Yayasan Badan Wakaf (YBW) Universitas Islam Indonesia (UII) mempunyai komitmen mengembangkan seni dan budaya yang berjiwa Islami. Hal tersebut diwujudkan dengan mendirikan sebuah Lembaga Kebudayaan bernama Embun Kalimasada.

Embun dimaknai sebagai pelambang air yang suci dan mensucikan, sedangkan Kalimasada merupakan pelambang prinsip syahadat. Adapun landasan pendirian lembaga tersebut merupakan realisasi dari cita-cita awal pendirian UII yang sudah tertunda sekian lama.

Mengawali eksistensinya, Embun Kalimasada mengundang budayawan dan seniman di wilayah Yogyakarta dan sekitarnya dalam acara Sarasehan Budaya dengan tema Masjid, Pasar, dan Strategi, pada Kamis (1/11), di Ruang Sidang YBW UII, Jl. Cik Di Tiro No. 1, Yogyakarta. Acara ini menjadi forum perdana untuk ‘kulo numun’ dan meminta restu serta doa dari para budayawan dan seniman atas pembentukan lembaga tersebut.

Ketua Pengurus Yayasan Badan Wakaf UII, Drs. Suwarsono Muhammad, MA., menyampaikan harapan agar Embun Kalimasada dapat menjadi media bertemunya prakarsa dan aksi dalam memajukan kebudayaan Indonesia.

“Kami berharap hadirnya Embun Kalimasada ini dapat menjadi wadah kesenian dan kebudayaan yang menyatukan tradisi dan modernitas dalam kesatuan yang harmoni, serta memberikan kontribusi dalam merawat peradaban madani,” tuturnya.

Lebih lanjut, Suwarsono Muhammad menyampaikan beberapa agenda dan rencana kegiatan yang akan di lakukan oleh Embun Kalimasada selama setahun kedepan.

“Kedepan kita berencana melakukan pameran seni yang disertai penerbitan monograf, lima kali dalam setahun.
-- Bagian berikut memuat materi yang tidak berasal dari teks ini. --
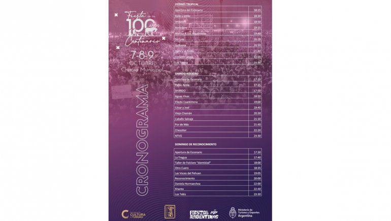 El domingo a partir de las 17:30 se presentará el grupo La Tregua, luego será el turno del Taller de Folclore "Identidad"; Otro Cuero y Las Voces del Pehuen. A las 20 tendrán lugar los reconocimientos a Pioneros y Pioneras de Centenario. Posteriormente regresará la música al escenario mayor con la presencia de Daniela Hormaechea; Khanto; y el gran cierre vendrá de la mano de Los Tekis.

Adapun beberapa tema yang akan diangkat berupa fotografi masjid, sajadah, partai politik Islam dalam sejarah Indonesia, serta seni rupa tentang Zaman Perubahan,” tambahnya.

Sementara Budayawan Emha Ainun Najib menjelaskan bahwa kebudayaan tidak hanya dimaknai secara sempit sebagai produk seni dan budaya, melainkan segala sesuatu merupakan sebuah kebudayaan.

“Saya lebih melihat embun sebagai estetika, karena semua yang ada disini merupakan lembaga kebudayaan, sehingga hadirnya embun lebih memberi ruang kepada estetika yang dapat menjadi penyempurna atau kaffahnya lembaga pendidikan ini,” ungkapnya.

Sedangkan Ketua Departemen Pengembangan Kebudayaan Ikatan Cendekiawan Muslim (ICMI) se-Indonesia, Dr. Nasir Tamara juga menambahkan bahwa kebudayaan memiliki arti yang sangat luas, yang saling terkait dalam kehidupan masyarakat yang beradab.

“Budaya jangan dipersempit, beri arti budaya pada sesuatu yang seluas-luasnya, sehingga lembaga ini tidak hanya menjadi embun, akan tetapi sumber mata air bagi masyarakat,” pungkasnya.